◆ **DATA FOR THE TASK**:
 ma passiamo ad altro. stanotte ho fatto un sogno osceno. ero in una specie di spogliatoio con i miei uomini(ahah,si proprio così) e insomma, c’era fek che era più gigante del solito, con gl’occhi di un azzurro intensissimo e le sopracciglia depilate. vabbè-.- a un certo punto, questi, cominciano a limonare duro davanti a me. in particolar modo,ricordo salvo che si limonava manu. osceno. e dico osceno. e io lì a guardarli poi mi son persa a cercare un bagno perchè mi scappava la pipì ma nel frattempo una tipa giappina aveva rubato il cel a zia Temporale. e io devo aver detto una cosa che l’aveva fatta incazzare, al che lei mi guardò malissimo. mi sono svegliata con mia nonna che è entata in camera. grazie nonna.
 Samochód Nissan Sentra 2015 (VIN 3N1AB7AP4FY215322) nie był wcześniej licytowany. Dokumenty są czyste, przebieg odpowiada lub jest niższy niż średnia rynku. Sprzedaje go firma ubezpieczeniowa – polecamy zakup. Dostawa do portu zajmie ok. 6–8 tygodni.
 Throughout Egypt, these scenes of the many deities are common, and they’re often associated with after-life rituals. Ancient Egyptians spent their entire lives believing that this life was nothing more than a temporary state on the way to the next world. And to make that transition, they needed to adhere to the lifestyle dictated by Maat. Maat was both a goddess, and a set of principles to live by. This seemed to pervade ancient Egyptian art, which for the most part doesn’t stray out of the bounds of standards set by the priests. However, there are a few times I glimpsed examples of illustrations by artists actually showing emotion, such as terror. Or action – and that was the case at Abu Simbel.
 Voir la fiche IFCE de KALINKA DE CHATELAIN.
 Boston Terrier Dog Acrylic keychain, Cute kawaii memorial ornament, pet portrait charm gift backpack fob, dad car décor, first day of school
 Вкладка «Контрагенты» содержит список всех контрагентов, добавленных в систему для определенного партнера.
---
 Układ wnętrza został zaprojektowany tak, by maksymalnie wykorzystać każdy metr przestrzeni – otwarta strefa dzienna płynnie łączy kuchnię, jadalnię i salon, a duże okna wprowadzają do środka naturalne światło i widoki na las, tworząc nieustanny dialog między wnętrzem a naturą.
...
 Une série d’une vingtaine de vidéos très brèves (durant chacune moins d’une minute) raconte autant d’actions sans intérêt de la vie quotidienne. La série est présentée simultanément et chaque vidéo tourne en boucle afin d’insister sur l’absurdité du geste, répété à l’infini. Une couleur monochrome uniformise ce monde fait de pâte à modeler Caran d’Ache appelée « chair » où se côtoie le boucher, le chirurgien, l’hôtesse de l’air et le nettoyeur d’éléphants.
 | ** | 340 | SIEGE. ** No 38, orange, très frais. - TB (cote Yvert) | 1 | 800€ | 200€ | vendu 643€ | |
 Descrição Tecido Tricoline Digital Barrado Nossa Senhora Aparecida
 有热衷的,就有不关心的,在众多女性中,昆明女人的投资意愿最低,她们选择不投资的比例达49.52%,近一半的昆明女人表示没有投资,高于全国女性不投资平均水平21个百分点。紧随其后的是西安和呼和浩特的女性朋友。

◆ **PROBLEM DETAILS**:
Work out how many lines of the data hold the string "très". Reply with that number alone.

◆ **REPLY**:
2